Taraflar arasındaki alacak davasının yapılan yargılaması sonunda ilamda yazılı nedenlerden dolayı davanın kabulüne yönelik olarak verilen hükmün süresi içinde davalı tarafından temyiz edilmesi üzerine dosya incelendi gereği konuşulup düşünüldü.

KARAR

Davacı, davalı avukatın Ankara 3. İcra Hukuk Mahkemesi'nin 2011/450 E. sayılı dava dosyasında vekili sıfatıyla yer aldığını, aleyhe sonuçlanan dosyanın davalı avukatınca temyiz edildiğini, ancak teminat yatırıldığı ve icra müdürlüğünce de mehil vesikası tanzim edildiği halde Yargıtay ilgili dairesinden tehir-i icra talebinde bulunulmadığını, bu nedenle anılan icra hukuk mahkemesinin tahliyeye ilişkin kararının icra marifetiyle 28.01.2012 tarihinde infaz edildiğini, ticari itabarının zedelendiğini, telafisi imkansız zararların doğduğunu ileri sürerek, işyeri olarak kullandığı taşınmazı erken boşaltması nedeniyle ortaya çıkan 100 TL fiili zarar, 100 TL yoksun kalınan kar olmak üzere toplam 200 TL maddi zarar, 10.000 TL manevi zararın davalıdan tazminine karar verilmesini istemiş, ıslah ile maddi zarara ilişkin talep miktarını 1.834,17 TL ye artırmıştır.

Davalı, davanın reddini dilemiştir.

[Mahkemece, 01.09.2014 tarihli bilirkişi raporu benimsenerek, davalı avukatın kusurlu davranışı sonucu işyerinden icra kanalıyla tahliye olmak zorunda kalan davacının bu eylem nedeniyle ticari itibarının zedelendiği, kazanç kaybına uğrayıp borçlarını ödeyemez duruma düştüğü gerekçesi ile, 1.834,17 TL maddi, 5.000 TL manevi zararın davalıdan tahsiline karar verilmiş; hüküm davalı tarafından temyiz edilmiştir. 

1-Dosyadaki yazılara, kararın dayandığı delillerle yasaya uygun gerektirici nedenlere ve özellikle delillerin takdirinde bir isabetsizlik bulunmamasına göre davalının aşağıdaki bendin kapsamı dışında kalan diğer temyiz itirazlarının reddi gerekir.

2-Dava, vekil avukatın özen yükümlülüğüne aykırı davranışı sonucu uğranılan maddi ve manevi zararın tazmini istemine ilişkindir. 6098 sayılı Türk Borçlar Kanunu'nun 58.maddesi (eski Borçlar Kanunu 49.md) hükmü uyarınca, manevi tazminata hükmedilebilmesi için, şahsiyet hakkının hukuka aykırı bir şekilde zarara uğraması gerekir.
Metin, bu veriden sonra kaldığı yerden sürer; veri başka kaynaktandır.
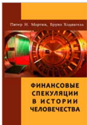
Питер Н. Мартин, Бруно Ходнагель «Финансовые спекуляции...» М.: Вест-Консалтинг, 2013

Kişilik haklarının zarar görmediği hallerde, eylem hukuka aykırı olsa dahi manevi tazminata hükmedilmesi olanaklı değildir. Somut olayda davacının kişilik haklarının zarar gördüğü kabul edilemez. Mahkemece olayda manevi tazminat koşullarının bulunmadığı dikkate alınarak manevi tazminat isteminin bütünüyle reddi gerekirken yazılı şekilde kısmen kabulüne karar verilmesi usul ve yasaya aykırı olup bozma nedenidir.

SONUÇ: Birinci bentte açıklanan nedenlerle davalının diğer temyiz itirazlarının reddine, ikinci bentte açıklanan nedenlerle hükmün davalı yararına BOZULMASINA, peşin alınan 202,10 TL harcın istek halinde iadesine, 13/04/2016 gününde oybirliğiyle karar verildi.